AIM OF THE EXERCISE: From the records below, transcribe exactly the lines that begin at the line with "- (H)ic iacet" and end at the line with "Durante estos días", both included.

DATA SUPPLIED:
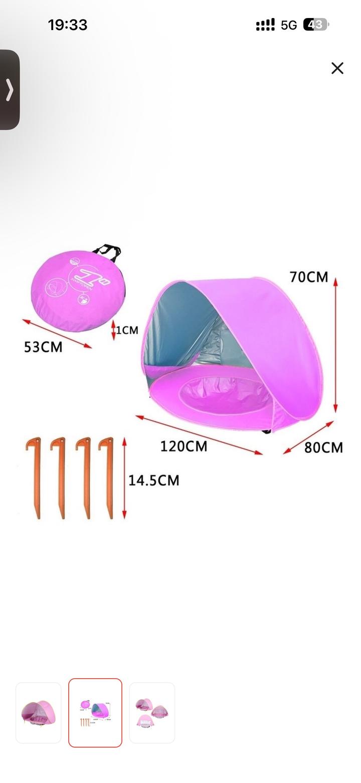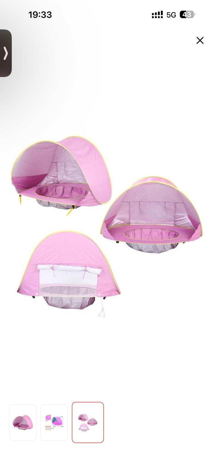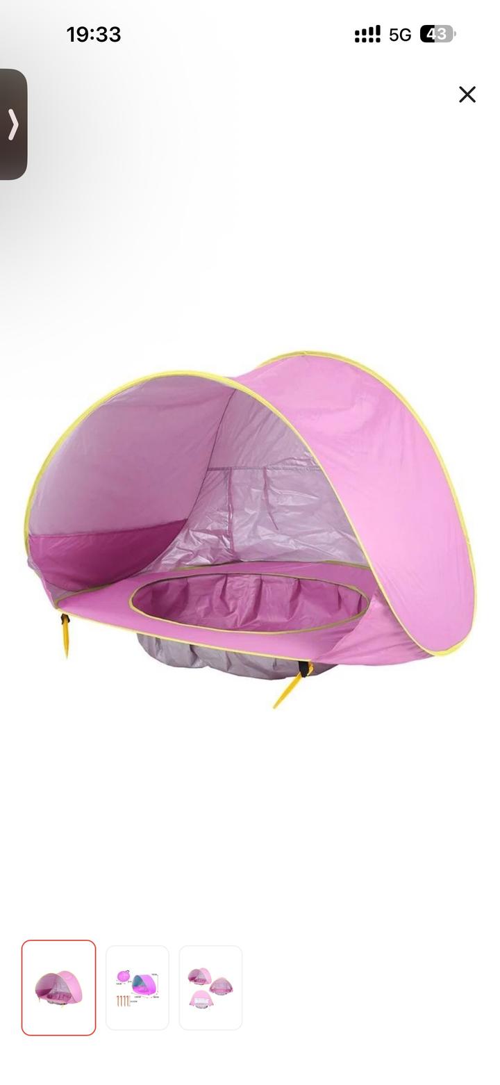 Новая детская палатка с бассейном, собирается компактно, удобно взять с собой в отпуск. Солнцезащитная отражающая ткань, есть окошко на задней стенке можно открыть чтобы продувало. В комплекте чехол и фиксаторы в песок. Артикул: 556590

...

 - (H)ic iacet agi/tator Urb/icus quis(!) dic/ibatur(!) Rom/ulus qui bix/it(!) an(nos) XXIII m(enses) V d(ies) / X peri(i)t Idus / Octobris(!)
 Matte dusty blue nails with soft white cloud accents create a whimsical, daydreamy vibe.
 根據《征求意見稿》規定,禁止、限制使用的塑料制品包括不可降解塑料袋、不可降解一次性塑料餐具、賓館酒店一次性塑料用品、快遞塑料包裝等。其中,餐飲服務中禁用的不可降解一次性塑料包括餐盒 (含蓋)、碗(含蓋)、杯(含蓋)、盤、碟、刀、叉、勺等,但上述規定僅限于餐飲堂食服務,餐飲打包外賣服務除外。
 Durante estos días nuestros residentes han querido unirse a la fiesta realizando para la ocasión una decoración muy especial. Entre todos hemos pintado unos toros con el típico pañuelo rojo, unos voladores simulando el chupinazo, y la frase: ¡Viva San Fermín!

* * *

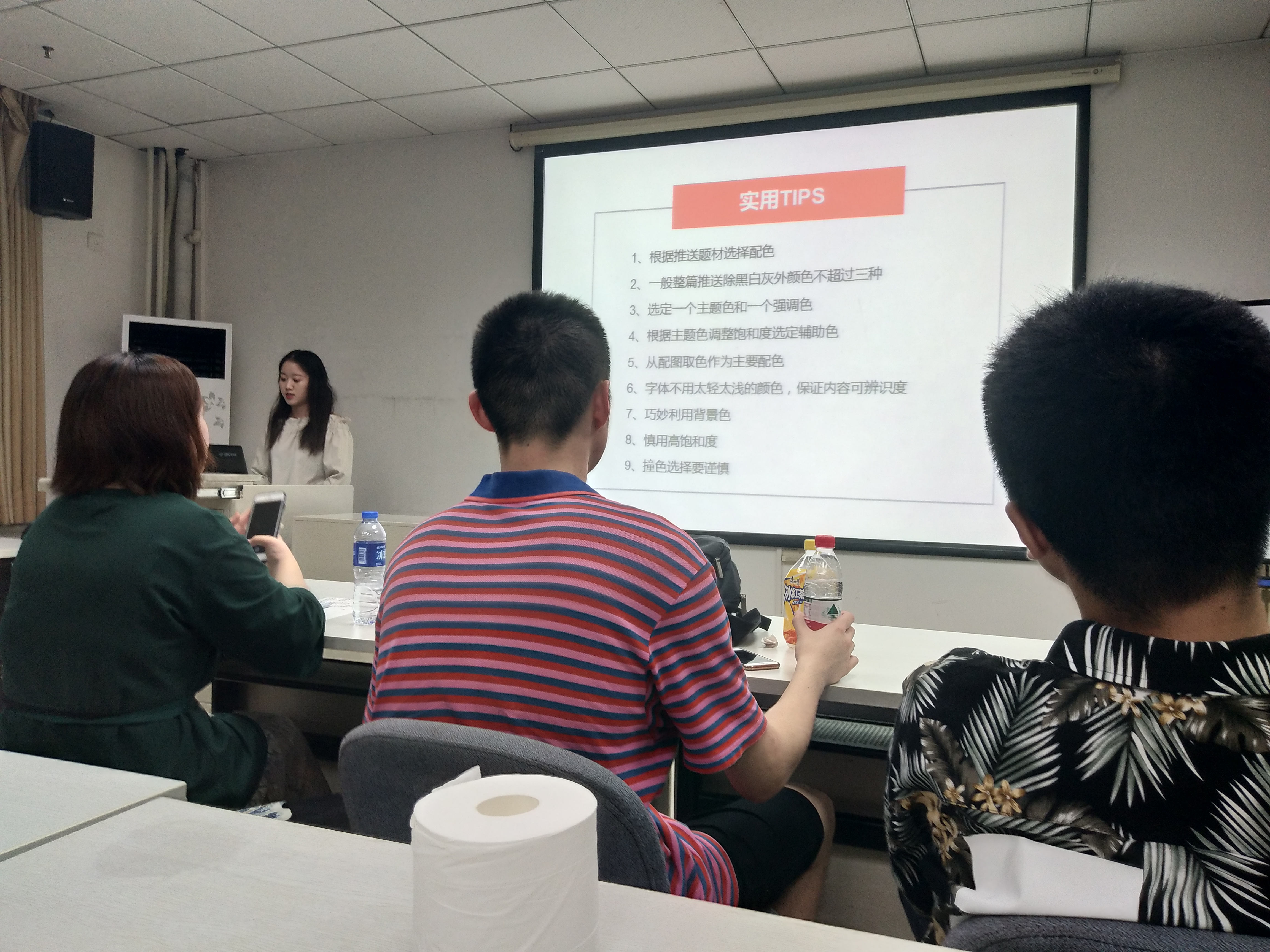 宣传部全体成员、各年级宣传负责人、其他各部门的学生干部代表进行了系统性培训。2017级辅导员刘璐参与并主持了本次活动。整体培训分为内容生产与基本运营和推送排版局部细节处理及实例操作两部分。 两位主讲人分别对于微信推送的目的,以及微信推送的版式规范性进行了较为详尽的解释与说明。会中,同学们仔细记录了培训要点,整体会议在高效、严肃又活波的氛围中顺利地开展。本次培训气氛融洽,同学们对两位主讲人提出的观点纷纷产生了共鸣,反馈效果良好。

ANSWER BOX:
 - (H)ic iacet agi/tator Urb/icus quis(!) dic/ibatur(!) Rom/ulus qui bix/it(!) an(nos) XXIII m(enses) V d(ies) / X peri(i)t Idus / Octobris(!)
 Matte dusty blue nails with soft white cloud accents create a whimsical, daydreamy vibe.
 根據《征求意見稿》規定,禁止、限制使用的塑料制品包括不可降解塑料袋、不可降解一次性塑料餐具、賓館酒店一次性塑料用品、快遞塑料包裝等。其中,餐飲服務中禁用的不可降解一次性塑料包括餐盒 (含蓋)、碗(含蓋)、杯(含蓋)、盤、碟、刀、叉、勺等,但上述規定僅限于餐飲堂食服務,餐飲打包外賣服務除外。
 Durante estos días nuestros residentes han querido unirse a la fiesta realizando para la ocasión una decoración muy especial. Entre todos hemos pintado unos toros con el típico pañuelo rojo, unos voladores simulando el chupinazo, y la frase: ¡Viva San Fermín!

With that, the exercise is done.